Figure 2 overlays the naïve and MI error histograms.  (The narrower histogram is the MI error, indicating that MI improves on the naïve imputation’s estimation error.)

handling null values 1
Figure 2: Histograms of MI and Naïve Errors

See Stekhoven (2011)[vii] for examples of nonparametric null imputation using a random-forest algorithm (in R’s missForest package).

[i] R.J.A. Little & D.B. Rubin, Statistical Analysis with Missing Data (Wily, 1987); P.D. Allison, Missing Data (Sage, 2001); D.C. Howell, “The Analysis of Missing Data,” Handbook of Social Science Methodology (Sage, 2007); and A.N. Barladi & C.K. Enders, “An Introduction to Modern Missing Data Analyses,” Journal of School Psychology 48 (2010), pp. 5-37.

[ii] These and similar techniques are now considered dated.  There are many resources online, contributed by the academic community for handling null values:  http://www.uvm.edu/~dhowell/StatPages/More_Stuff/Missing_Data/Missing.html and http://www.uvm.edu/~dhowell/StatPages/More_Stuff/Missing_Data/Missing-Part-Two.html,
http://www.stat.columbia.edu/~gelman/arm/missing.pdf (visited March 2, 2014).

[iii] For example, see http://www.stat.berkeley.edu/~breiman/RandomForests/cc_home.htm#missing1 and http://cran.r-project.org/web/packages/missForest/missForest.pdf (visited March 2, 2014).

[iv] Multiple imputation averages estimated parameters over multiple runs of the estimation model, each of which uses different imputed values, to build the final estimation model, for handling null values.  See Stef Van Buuren, Flexible Imputation of Missing Data (Chapman & Hall, 2012).

[v] Van Buuren lists nearly 20 related R libraries alone at http://www.stefvanbuuren.nl/mi/Software.html (visited March 2, 2014).

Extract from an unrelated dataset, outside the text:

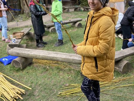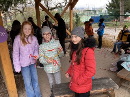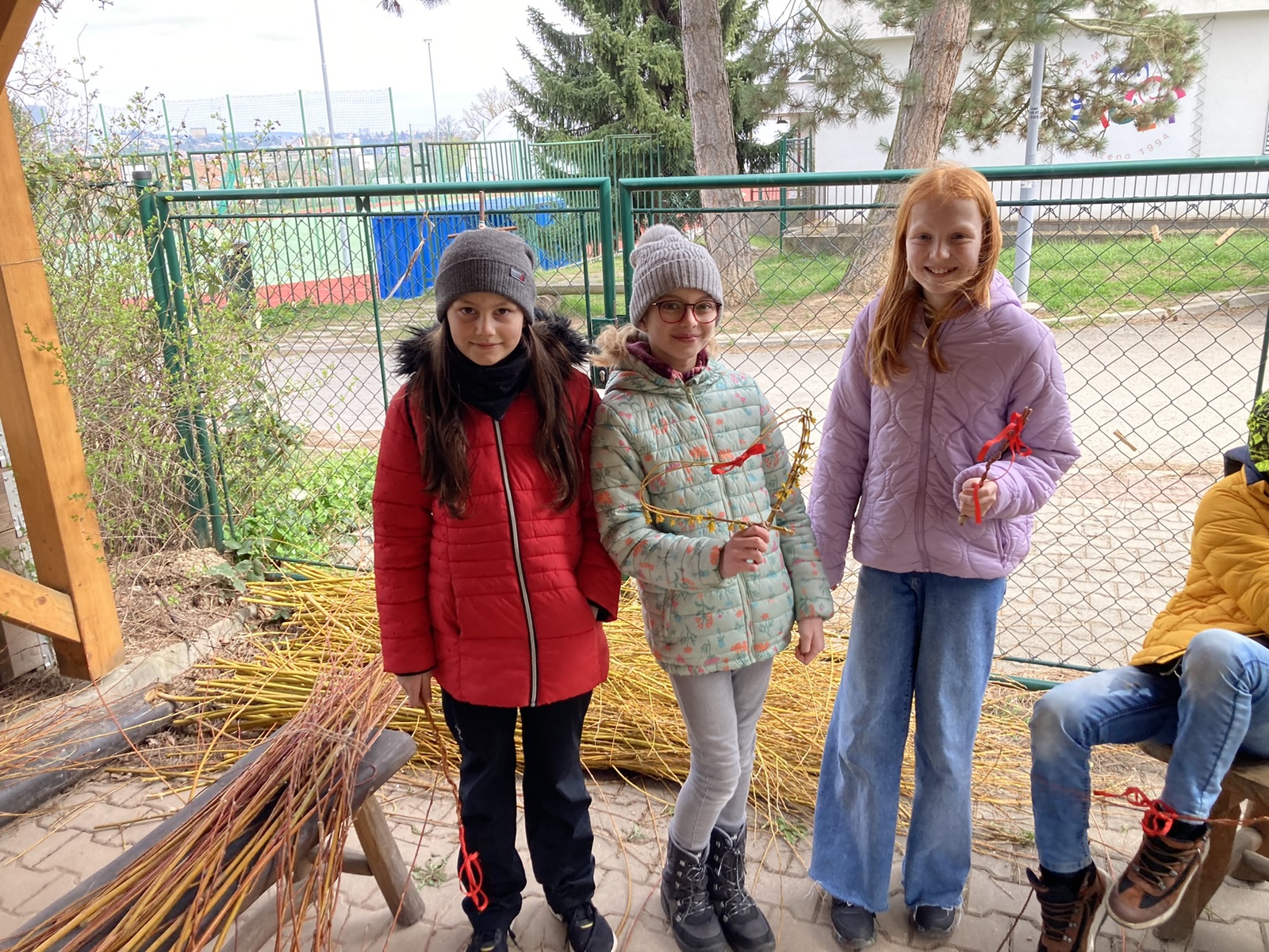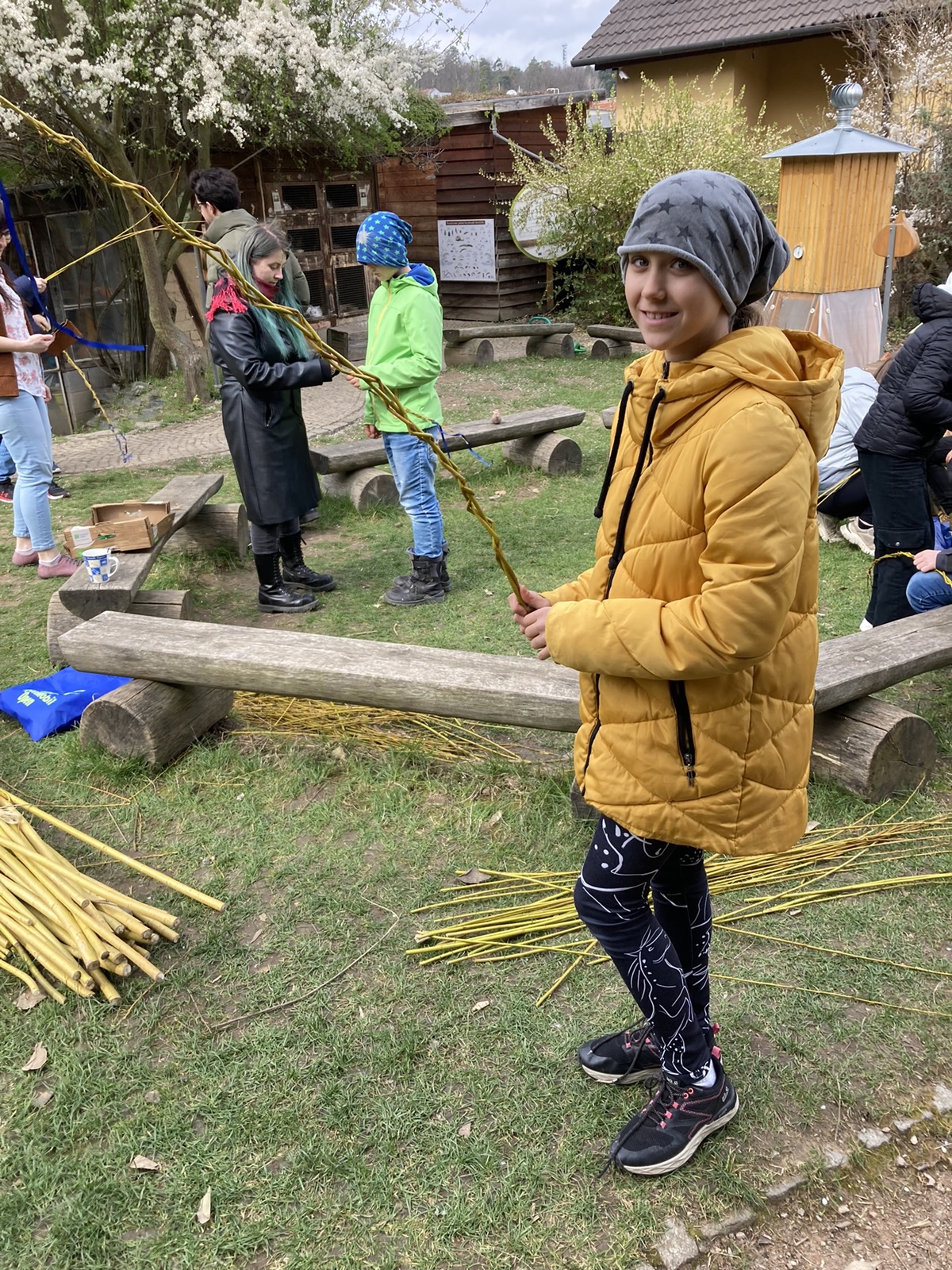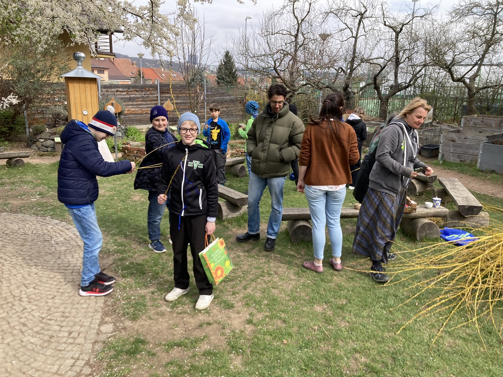 Na zahradě jsme chodili mezi jednotlivými stanovišti, kde byly nachystány dílny na výrobu jarních a velikonočních předmětů – pomlázky, vajíčka, trávové hlavy apod. Tvoření jsme si moc užili. Nezapomněli jsme si taky trochu pohrát s domácími zvířaty, která mají na zahradě svůj domov.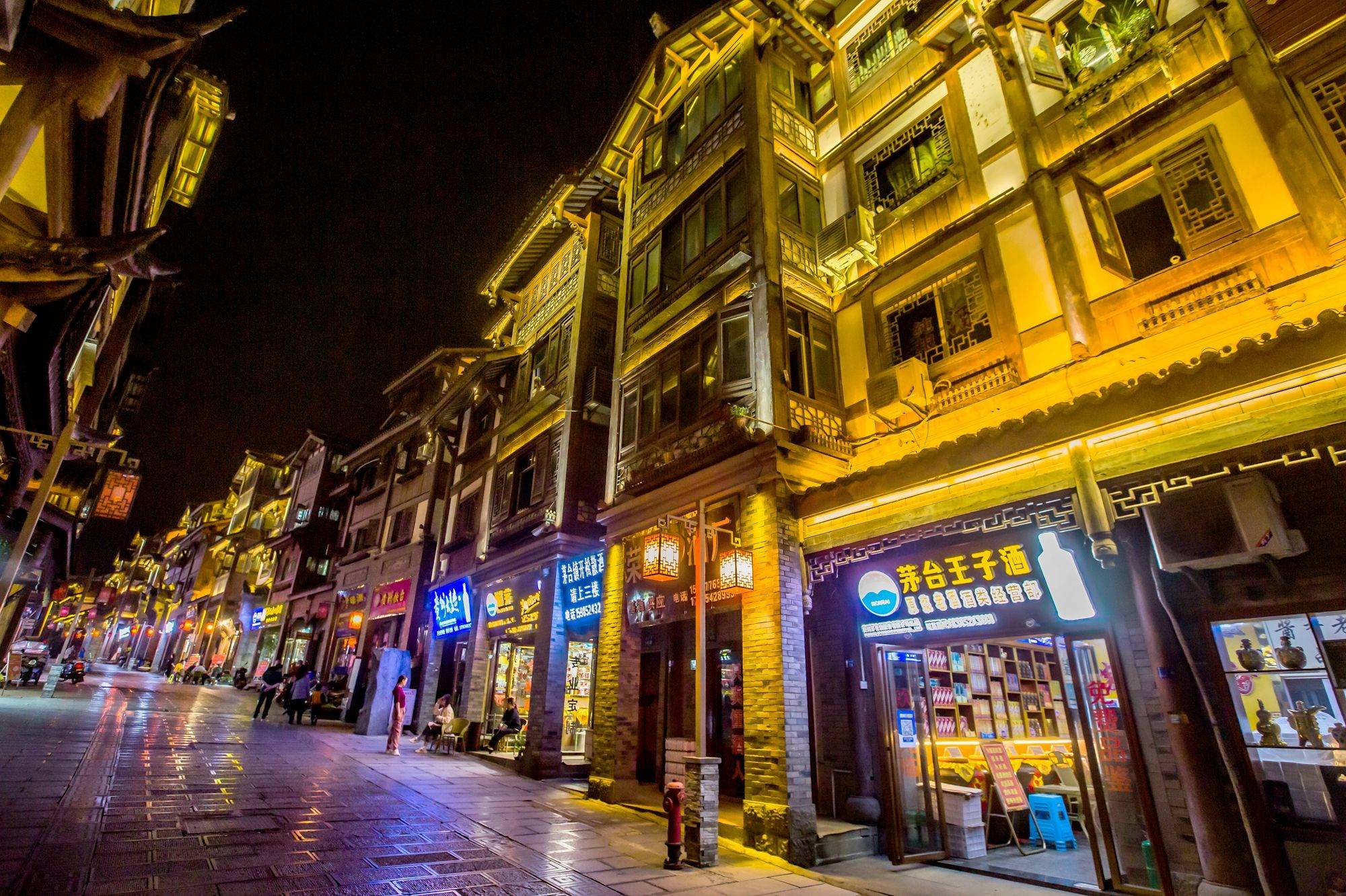 穿过高大的牌楼,走过青石砖路,空气中氤氲着酒香,古镇的韵味、美丽的夜景,真让人生出“酒不醉人人自醉”的惬意感。

[vi] Several important classes of distributions do not have central values.  The uniform distribution is a trivial example.  Lévy-stable distributions with α  ≤ 1 don’t have means.  See John P. Nolan, Stable Distributions:  Models for Heavy-Tailed Data (Birkhauser, 2013), available in part at http://academic2.american.edu/~jpnolan/stable/chap1.pdf (visited March 2, 2014).  The Cauchy distribution is one such heavy-tailed distribution.  Its mean and variance are undefined.  See http://en.wikipedia.org/wiki/Cauchy_distribution (visited March 2, 2014).  Lévy-stable distributions occur in financial modeling, physics, and communications systems.  Where a variable is the sum of many small terms, e.g. the price of a stock or the noise in a communications signal, it may have a stable distribution.